Ponieważ OP jest bardziej lipofilowy niż OC, powinien łatwiej przekraczać barierę krew-mózg niż OC. Jednak stosunek osocza do płynu mózgowo-rdzeniowego u 4 zdrowych ochotników był niski dla obu substancji, nieco ponad dwa i nieco poniżej 3,5% odpowiednio dla OP i OC. Niski współczynnik OP jest prawdopodobnie spowodowany aktywnym eksportem OC z mózgu przez pompę P-glikoproteinową. Badania in vitro i na myszach pokazują, że OP, ale nie OC, jest substratem dla transportera glikoproteiny P (P-gp) i że na dystrybucję OC w mózgu wpływa aktywność P-gp. Symulacje farmakokinetyczne przewidują poziomy OP, które mieściłyby się w zakresie ekspozycji obserwowanych w badaniach klinicznych bez neuropsychiatrycznych skutków ubocznych.

Jeden osobnik (osoba X) z badania SEA004 „Długoterminowa profilaktyka grypy za pomocą wziewnego zanamiwiru lub doustnego oseltamiwiru” miał mutację genu karboksyloesterazy 1 (CES1), która może wpływać na konwersję fosforanu oseltamiwiru. Oznacza to, że konwersja OP do OC u tej osoby może być znacznie niższa niż w normalnej populacji.
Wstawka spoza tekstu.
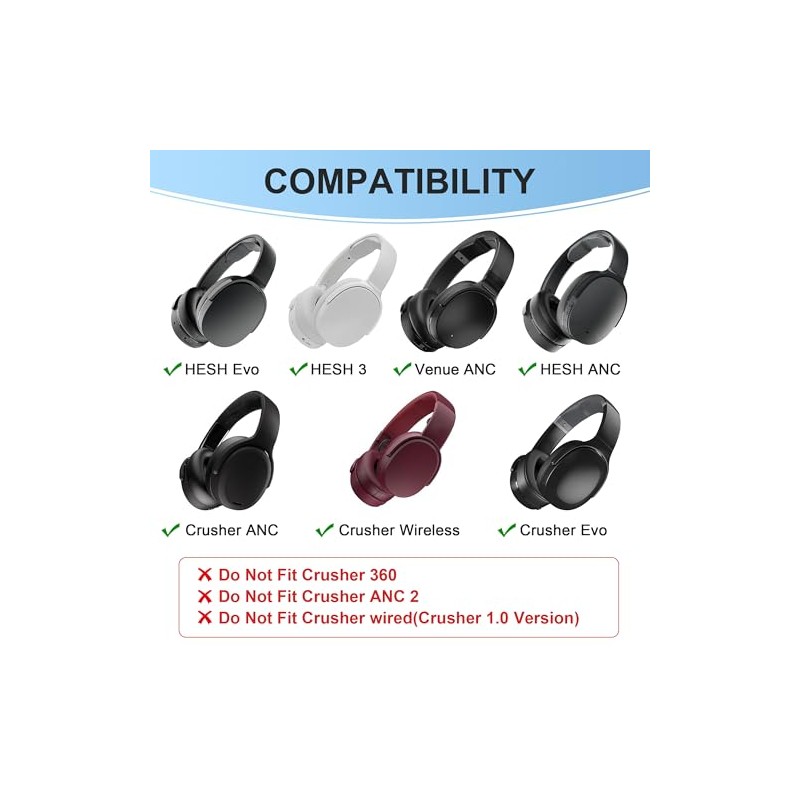 • Wide Compatibility – Perfectly fits multiple over-ear headphone models, maintaining excellent sound performance. Compatible with Skullcandy Crusher Wireless, Crusher Evo Wireless, Crusher ANC, Hesh3 Wireless, HeshEVO HeshANC, Crusher Evo Collina Strada, Crusher Evo Budweiser Limited Edition earpads
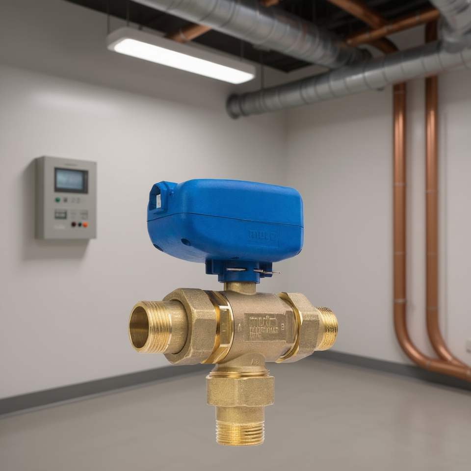 Vanne à trois voies Mut 1'' 1/2 230V pour systèmes HVAC domestiques Série TMO XL 703002923 sans raccords F-F-F et avec relais
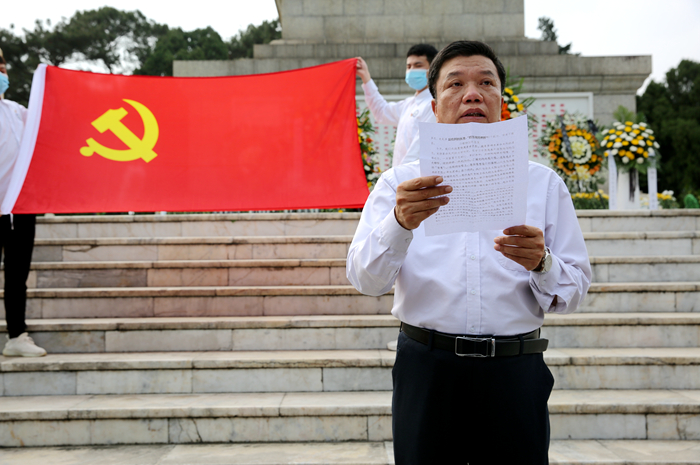 全體(tǐ)黨(dǎng)員(yuán)代(dài)表在革命烈士紀念碑前重溫入黨誓詞
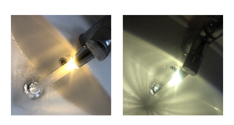 물을 틀 때 비치는 LED Light가 물을 깨끗하게 느껴지게 하며, 감성적인 조명 역할을 하여 기분을 좋게 해 준다.
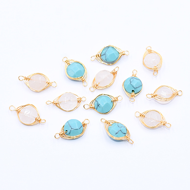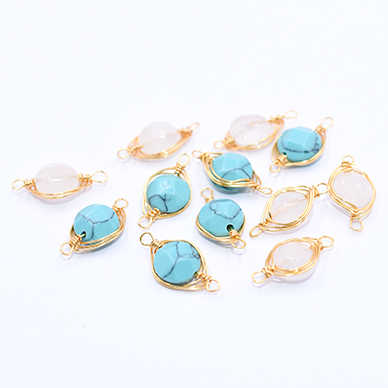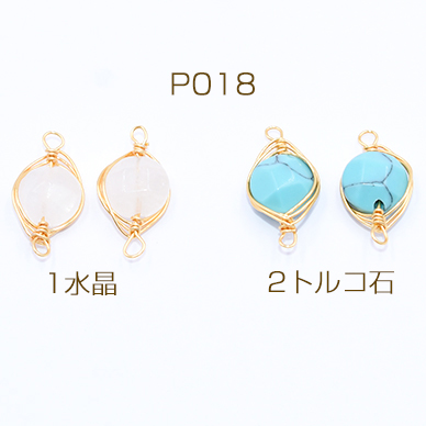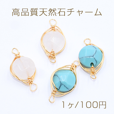 高品質天然石チャーム カット丸型 2カン付き 8×16mm ゴールド【1ヶ】

Jest to bardzo ważne odkrycie dotyczące zarówno skuteczności przeciwwirusowej, jak i potencjalnej toksyczności, ponieważ OP nie ma działania przeciwwirusowego i może odgrywać rolę w toksyczności jako związek potencjalnie neuropobudzający. Na podstawie danych z badań in vitro ryzyko kardiotoksyczności nie powinno występować przy dawkach terapeutycznych. OP miał zmienny wpływ na hERG (ludzki kanał eterowy a go go K+ w mięśniu sercowym), ale tylko w stężeniach znacznie przekraczających te osiągane przy dawkach terapeutycznych; OC nie ma działania proarytmicznego.

Biorąc pod uwagę, że OP przenika przez barierę krew-mózg i jest wypompowywany przez P-glikoproteinę, wysokie stężenia OP w osoczu mogą skutkować zwiększonymi stężeniami w OUN u osób ze zmniejszoną aktywnością karboksyloesterazy, takich jak niemowlęta i ochotnicy w tym badaniu i / lub zmniejszonym P -aktywność glikoprotein

Polimorfizmy ludzkiej karboksyloesterazy 1 (CES1) CES1 należy do wielogenowej rodziny esterazy serynowej, która bierze udział w metabolizmie i aktywacji leków, jak również w innych procesach biologicznych. Badanie przeprowadzone przez Shi i in. wykazało korelację między hydrolizą oseltamiwiru z OP do OC a stężeniem CES1.

Gen kodujący CES1 znajduje się na długim ramieniu chromosomu 16 (16q13-22.1), i składa się z 14 eksonów obejmujących 30 kb. W kilku badaniach zidentyfikowano polimorfizmy genu CES1 w promotorze i regionie kodującym i próbowano powiązać te polimorfizmy ze zmiennością aktywności hydrolizy tego białka. Badanie przeprowadzone przez Zhu HJ i wsp. przedstawiło potencjalnie 2 funkcjonalne polimorfizmy zlokalizowane w eksonie 4 (Gly143Glu) i 6 (Asp260fs), które mogą osłabiać aktywność hydrolityczną CES1 wobec metylofenidatu in vitro. Jednak niektóre warianty CES1 (V21I i R182H) mają wyższy wskaźnik metabolizmu oseltamiwiru w porównaniu z typem dzikim.

Wszystkie osoby z tych raportów rekrutowano z populacji japońskiej i europejskiej. Dlatego ważne byłoby zbadanie genu CES1 w populacji tajskiej.

Skuteczność oseltamiwiru może być zmniejszona u osób, które nie przechodzą z OP do OC, ale nie ma danych na temat częstości występowania tej mutacji/polimorfizmu, a zatem nieznana jest liczba osób, u których stosowanie oseltamiwiru może nie przynieść korzyści.

Istotne będą dalsze badania genu karboksyloesterazy w celu scharakteryzowania jego dziedziczenia w rodzinie osobnika X, a następnie prowadzenie powszechnych badań m.in. przechowywanych banków surowicy oraz jako część badań farmakokinetycznych oseltamiwiru u pacjentów.